-- Opening Marker --

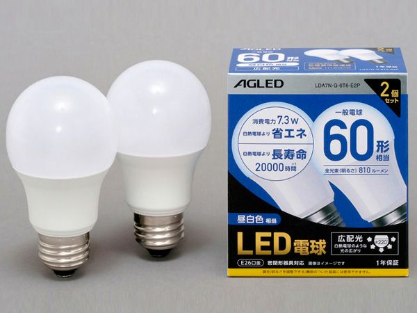 商品名:LED電球 E26 広配光 60形相当 昼白色 2個セット(20000時間)
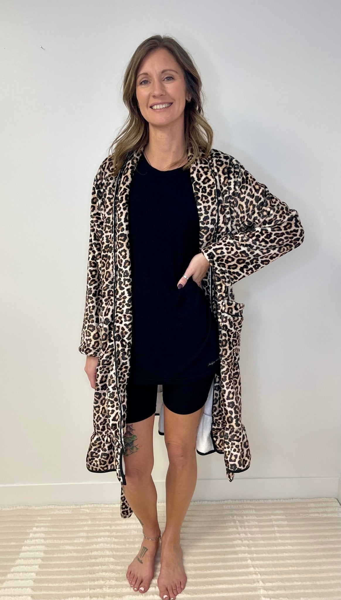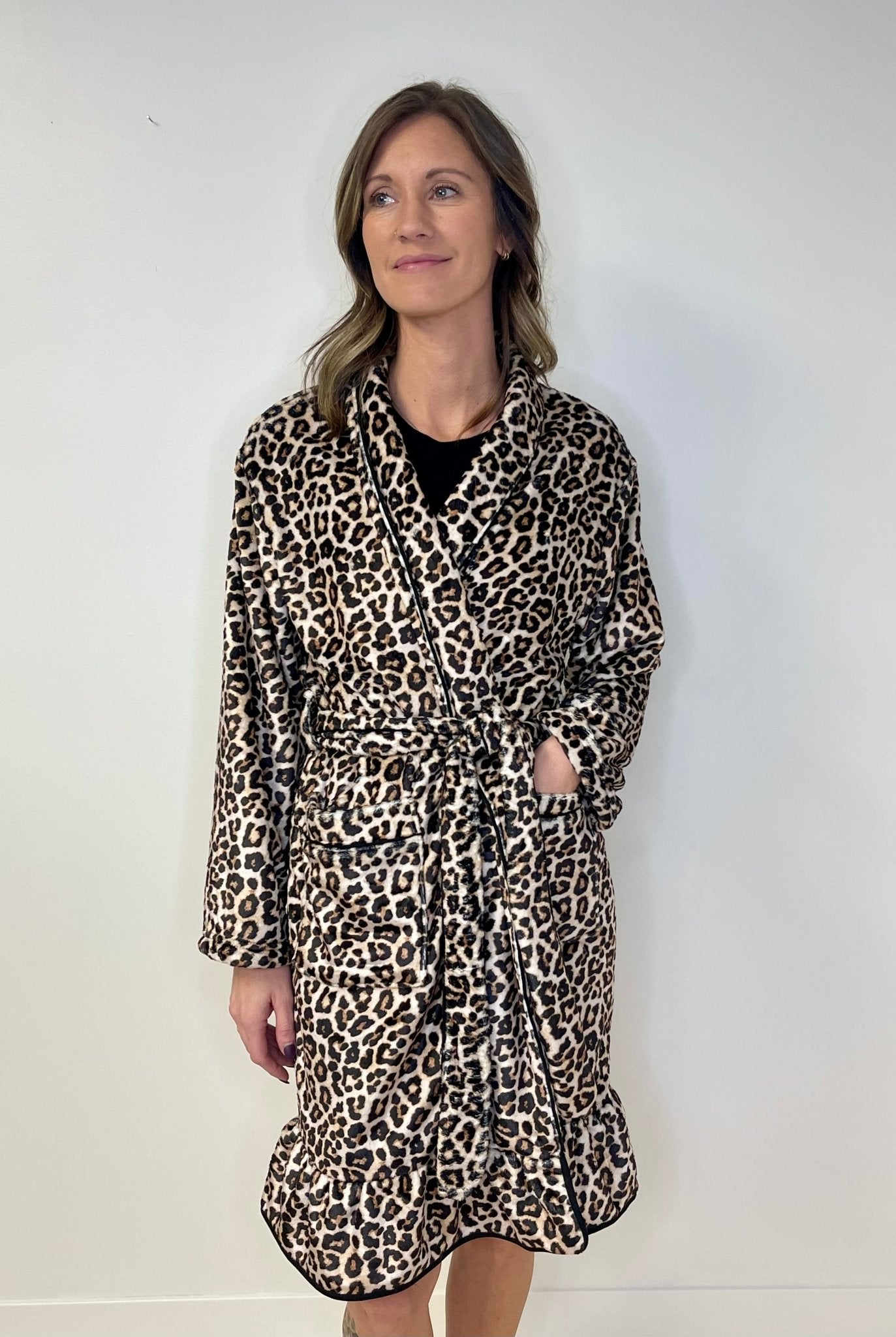 Slip into the Legacy Lounge Robe in the fun leopard print for a mix of style and comfort! With long sleeves for cozy coverage and a playful ruffle hem adding a flirty bounce, this feminine robe wraps you in effortless charm.
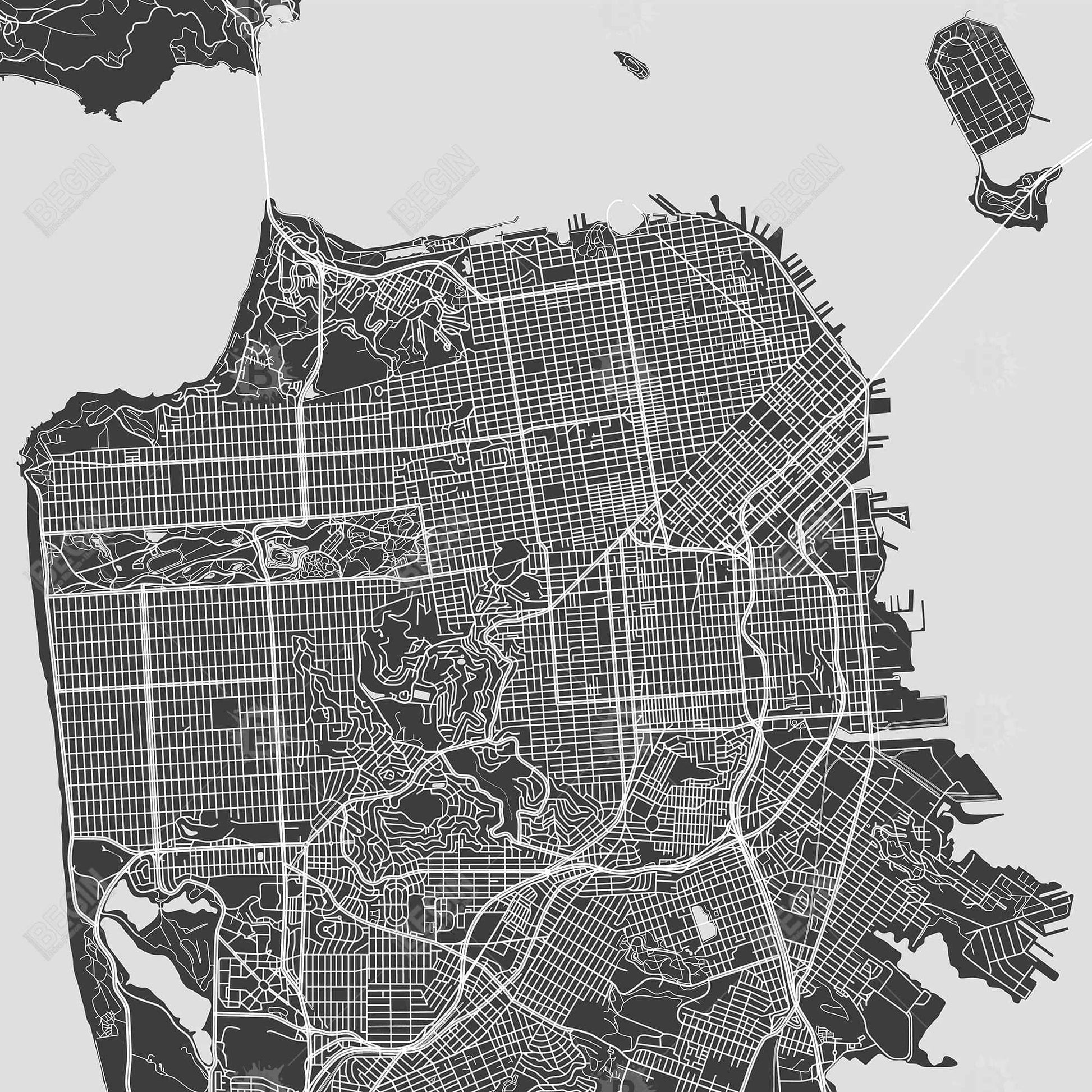 Toile encadrée représentant le plan de la ville de San Francisco | Décoration d'intérieur industrielle
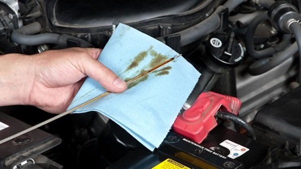 – ملاحظة تغيير لون الزيت من الدرجة البنية أو العسلية الفاتحة إلى اللون الأسود القاتم
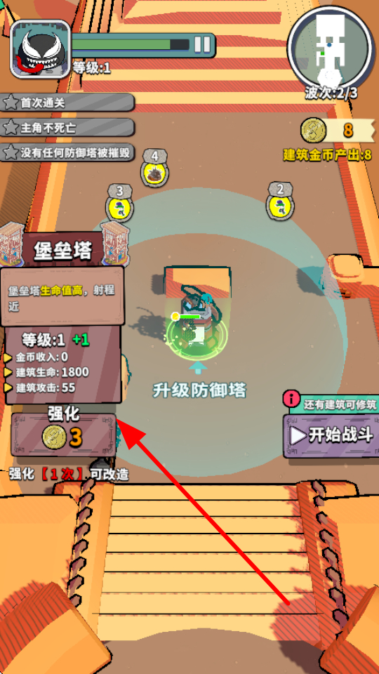 1、花费金币可对防御塔进行升级强化,强化后的防御塔生命值、攻击力等属性会提升,能更有效地抵御敌人进攻。
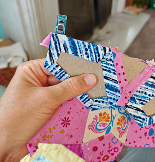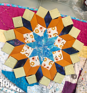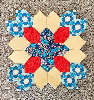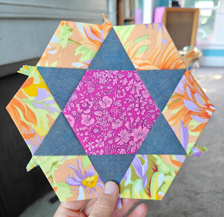 Today's photo is of a Lucy Boston block finished a couple of days ago out of my Go Bag hexie box. It's certainly scrappy, and I'm thankful to Past Me for carefully fussy cutting the outlying honeycombs, although they kind of clash with the inner papers. I have no idea what will become of the block, probably add it to the stack of other finished Lucy Boston blocks. Again, some parts of life are merely meant for RIGHT NOW. There's no big agenda other than breathing deeply, giving thanks for the ability to do so. And so life goes....
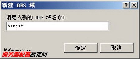 第3步,展開并選中剛才新建的COM區域,在打開的快捷菜單中執行“新建域”命令,打開“新建DNS域”對話框。在該對話框中輸入一個合適的域名,如hanjit,并單擊“確定”按鈕,如圖2008121202所示。
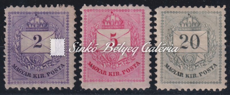 1881. Színesszámú krajcáros 2kr, 5kr, 20kr bélyegek
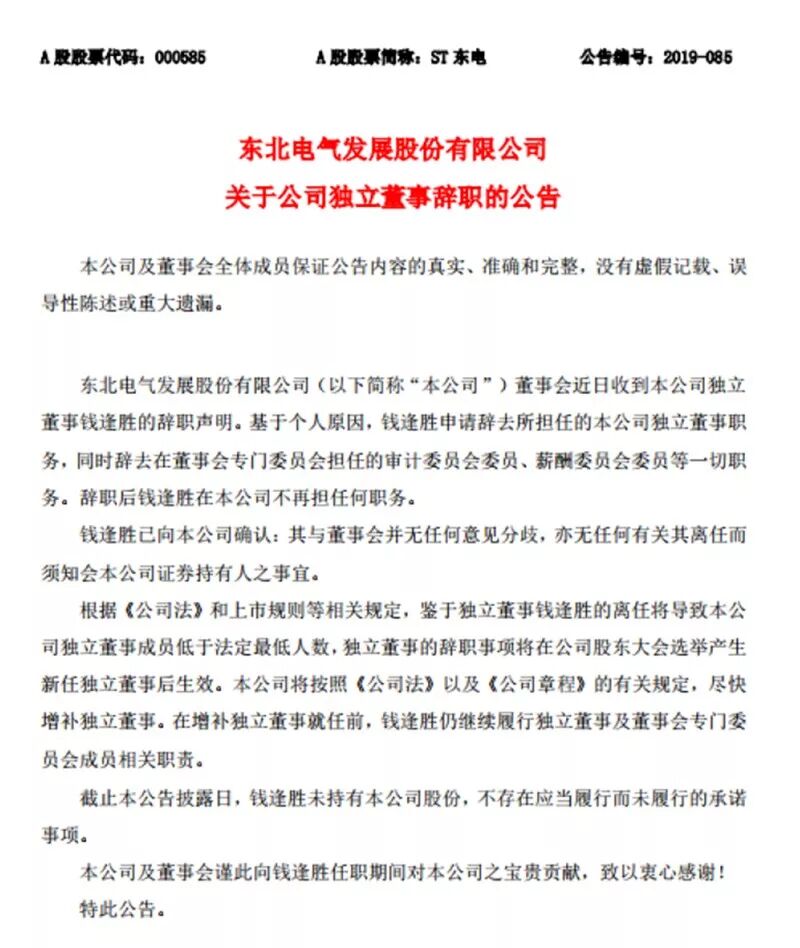 9日晚间,ST东电公告,基于个人原因,钱逢胜申请辞去所担任的公司独立董事职务,同时辞去在董事会专门委员会担任的审计委员会委员、薪酬委员会委员等一切职务。
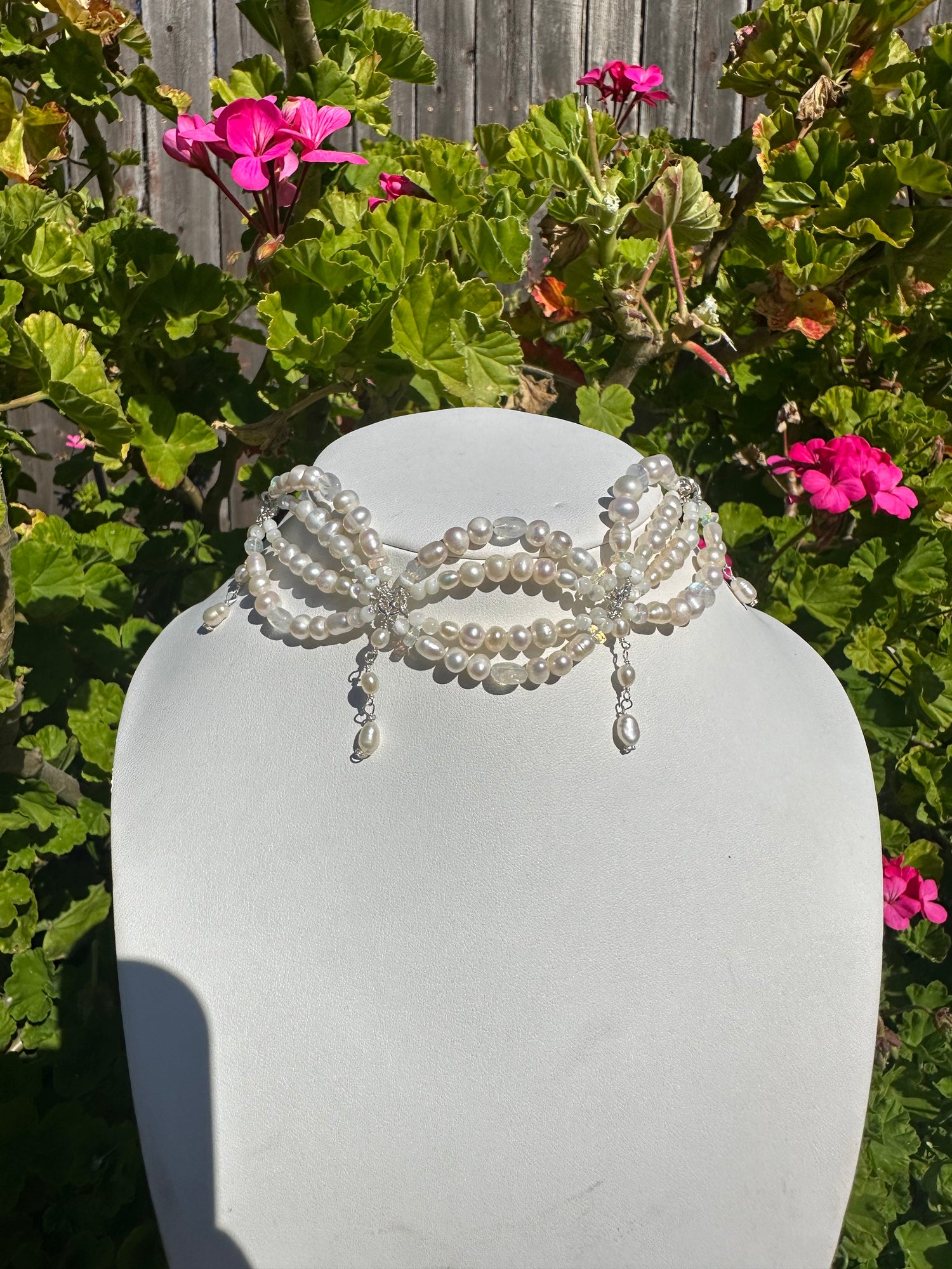 Handmade sterling silver choker made with fresh water pearls , opal, ivory , and moonstone

-- Closing Marker --

The lines to restate word for word run from the line that contains "第3步,展開并選中剛才新建的" through the end of the entries above, both ends included. Leave out all pictures and write nothing else.

» RESPONSE
 第3步,展開并選中剛才新建的COM區域,在打開的快捷菜單中執行“新建域”命令,打開“新建DNS域”對話框。在該對話框中輸入一個合適的域名,如hanjit,并單擊“確定”按鈕,如圖2008121202所示。
 1881. Színesszámú krajcáros 2kr, 5kr, 20kr bélyegek
 9日晚间,ST东电公告,基于个人原因,钱逢胜申请辞去所担任的公司独立董事职务,同时辞去在董事会专门委员会担任的审计委员会委员、薪酬委员会委员等一切职务。
 Handmade sterling silver choker made with fresh water pearls , opal, ivory , and moonstone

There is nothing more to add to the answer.